Ringfort (Rath), Ballinakill, Co. Wexford
Co. Wexford |
Ringforts
This ringfort in Ballinakill, County Wexford, has spent centuries sitting quietly outside official cartography.
It does not appear on any Ordnance Survey maps, yet the people who live around it have their own name for it: a raheen, which is the Irish diminutive for a small fort and a word that tends to linger in local speech long after the earthwork itself has been half-forgotten by the wider record. That gap between local knowledge and formal documentation is itself a small historical curiosity, since ringforts, the circular enclosed homesteads of early medieval Ireland, are among the most common archaeological monuments in the country and are usually well-mapped.
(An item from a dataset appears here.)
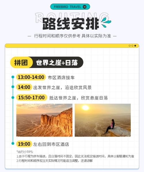 1-day tour to Edge of the World in Saudi Arabia with Chinese-speaking guide|Pick-up & drop-off at the hotel|Join-in tour/Private tour
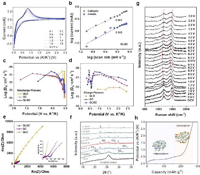【研究背景】钾离子电池(PIBs)具有钾资源丰度高、氧化还原电位低(E0K+/K=-2.93 V vs E0Li+/Li=-3.04 V)等优点,可以替代LIBs在中/大规模能源存储系统中的应用。基于与锂离子电池(LIBs)类似的工作机制,钾离子可以在石墨中形成稳定的钾-石墨插层化合物(K-GICs,以KC8的形式),表现较高的理论容量(279 mAh g-1)和较低的插层电位(~0.1 V)。然而,大尺寸的钾离子在插入石墨晶格时会引起61%的碳层体积膨胀,此外,有限的石墨层间间距(3.35 Å)抑制了钾离子的固态扩散动力学,导致循环稳定性和倍率性能较差。硬炭凭借其大层间间距(> 3.6 Å)和短程碳层的特性可以承受钾离子插层引起的体积膨胀,适用于钾离子的可逆插层。然而,硬炭中的湍层结构不利于钾离子快速脱嵌,表现低容量和高极化的弊端。并且,硬炭在储钾中主要表现倾斜的充放电曲线和高的电位滞后(0.40-0.55V,充放电曲线一半容量所对应的电势差),不利于构建高能量密度的储能器件。在无定形炭中引入适当的石墨纳米域并保持大的层间间距将利于钾离子快速而稳定的存储。其中,石墨纳米域能够改善钾离子的插层行为,提高低电位平台容量;扩大的层间间距可以缓冲碳层体积膨胀,促进钾离子稳定存储。虽然通过控制碳化温度可以获得具有局部石墨纳米域的硬炭材料,而高温也会诱导生成封闭畴,缩小层间间距,极大影响钾离子的存储效率。为此,我们以共建局部石墨域和大层间间距的无定形炭结构角度出发,研究了石墨域和碳层间距对硬炭材料储钾性能的影响。 【工作介绍】近日,广东工业大学邱学青、张文礼教授团队提出了一种基于氧化石墨烯诱导硬炭局部石墨化的策略。凭借胺化木质素和氧化石墨烯之间的静电引力进行组装,碳化过程中少量的氧化石墨烯即可促进硬炭发生局部石墨化,同时保持硬炭中非晶态区的较大层间距。基于此策略,我们可以实现由局部石墨域提供的丰富插层位点和大层间间距提供的快速钾离子传输通路,优化后的硬炭负极表现了低电位滞后和高低电位平台容量。异位/原位电化学测试证明了局部石墨域对于稳定钾离子存储的重要性。本项工作为开发具有局部石墨域的在硬炭负极材料提供了一种思路。该文章发表在Advanced Functional Materials上。 【内容表述】石墨结构可以为钾离子提供插层位点,但石墨晶格易破坏;无定形炭结构的大层间间距可以缓冲碳层体积膨胀,但湍层结构阻碍钾离子快速传输。为了实现无定形炭中局部石墨纳米域的构建,前驱体的设计尤为重要。本文以表面带正电的胺化木质素(QAL)为硬炭前驱体,表面带负电的氧化石墨烯(GO)为模板,两者经过静电引力均匀分散、组装,抑制QAL和GO分子的聚集。热解过程中,QAL/GO组装体的形成保护了石墨结构,诱导了无定形炭中局部石墨纳米域的生长,获得了局部石墨域和大层间间距共存的硬炭。 胺化木质素(QAL)与氧化石墨烯(GO)通过静电引力组装,抑制QAL和GO分子的聚集。在热解过程中,QAL/GO组装体的热稳定性提高,石墨结构得到保护,并诱导了无定形炭中局部石墨纳米域的生长,获得了局部石墨域和大层间间距共存的硬炭(QLGC)。Figure 1. Schematic illustration of the synthesis process for QLGC. 在木质素直接热解产生的硬炭中,因sp2团簇被无定形区中的sp3杂化碳严重交联,抑制了长程有序结构的形成。GO中大量C-O键的裂解导致其热解衍生炭中的碳层发生交联,类似硬炭结构,不利于钾离子的扩散。而对于QLGC,木质素和GO之间的静电吸引效应使两者均匀分散、组装。在碳化过程中,外部的石墨晶格可以作为晶格模板用来减少吉布斯自由能垒,有助于打破QLGC中sp2和sp3团簇之间的C-C键交联。由此,sp2杂化碳可以自由移动至石墨相,并重排列成石墨晶格。因此,GO的引入有利于在硬炭中发展了有序的石墨晶格结构(0.34 nm晶格间距),且与QLGC的无序区域连接。Figure 2. Micromorphology characteristics. SEM images of (a-b) QLC, (e-f) GC, and (i-g) QLGC; TEM images of (c) QLC, (g) GC, and (k) QLGC; HRTEM images of (d) QLC, (h) GC, and (l) QLGC; EDS mappings of (m-p) QLGC. 为了进一步识别硬炭中的微观结构,对XRD、Raman和C 1s XPS谱图进行了拟合分峰。QLGC中主要包含三种碳结构类型:高度无序、伪石墨域和类石墨微晶。这表明了GO在QLGC前驱体中可以诱导其碳基质(QAL)发生部分石墨化。硬炭中具有无序的涡旋纳米域和扩大的层间距离(0.37-0.42 nm),确保了大尺寸钾离子的快速传输。发展良好的石墨微晶为钾离子提供了快速的扩散通道。所述结构将利于钾离子快速而稳定的插入石墨层间。Figure 3. Characterization of QLC, GC, and QLGC. a) XRD patterns; b) Raman spectra; c) XPS survey and d) high-resolution C 1s XPS spectra. QLGC中的微晶石墨域允许大量钾离子插入,显著的氧化还原峰与低电压平台曲线是最直观的证据。经统计,QLGC在0.05 A g−1的电流密度下表现出272 mAh g-1的高质量比容量和60.3%的平台(< 0.5 V)容量贡献以及较低的电压滞后(0.35 V)。另外,QLGC中的较大层间间距使其保持了稳定的碳层结构,表现了优异的倍率性能和循环稳定性。与QLC、GC以及商业石墨相比,QLGC均表现出优越的钾离子存储性能。Figure 4. Electrochemical performance characterization. a) CV profiles; b) GCD curves of QLGC at current densities of 50-5000 mA g−1. c) dQ/dV profiles of QLGC; d) Capacity contribution distribution upon potential; e) Potential hysteresis of the hard carbon samples; f) Rate performances; g) Capacities and rate capabilities compared be

What survives at Ballinakill is a subcircular, grass-covered enclosure measuring roughly 49 metres east to west and 45 metres north to south, sitting on a gentle south-facing slope. Its edges are defined partly by a field bank running from the south-east around to the west, accompanied by an external fosse, which is essentially a ditch dug to reinforce the enclosure boundary, and elsewhere by a low scarp and traces of a further fosse. The site also retains a fragment of an annexe, an outer enclosure that extended the defended or managed space beyond the main fort, surviving along the eastern to south-western arc and measuring about 27 metres north to south. A wide entrance ramp, some 12 metres across, cuts through the annexe perimeter at the south. A narrower ramp at the south-east leads down towards a pond, though this feature may be a later addition rather than original to the early medieval construction.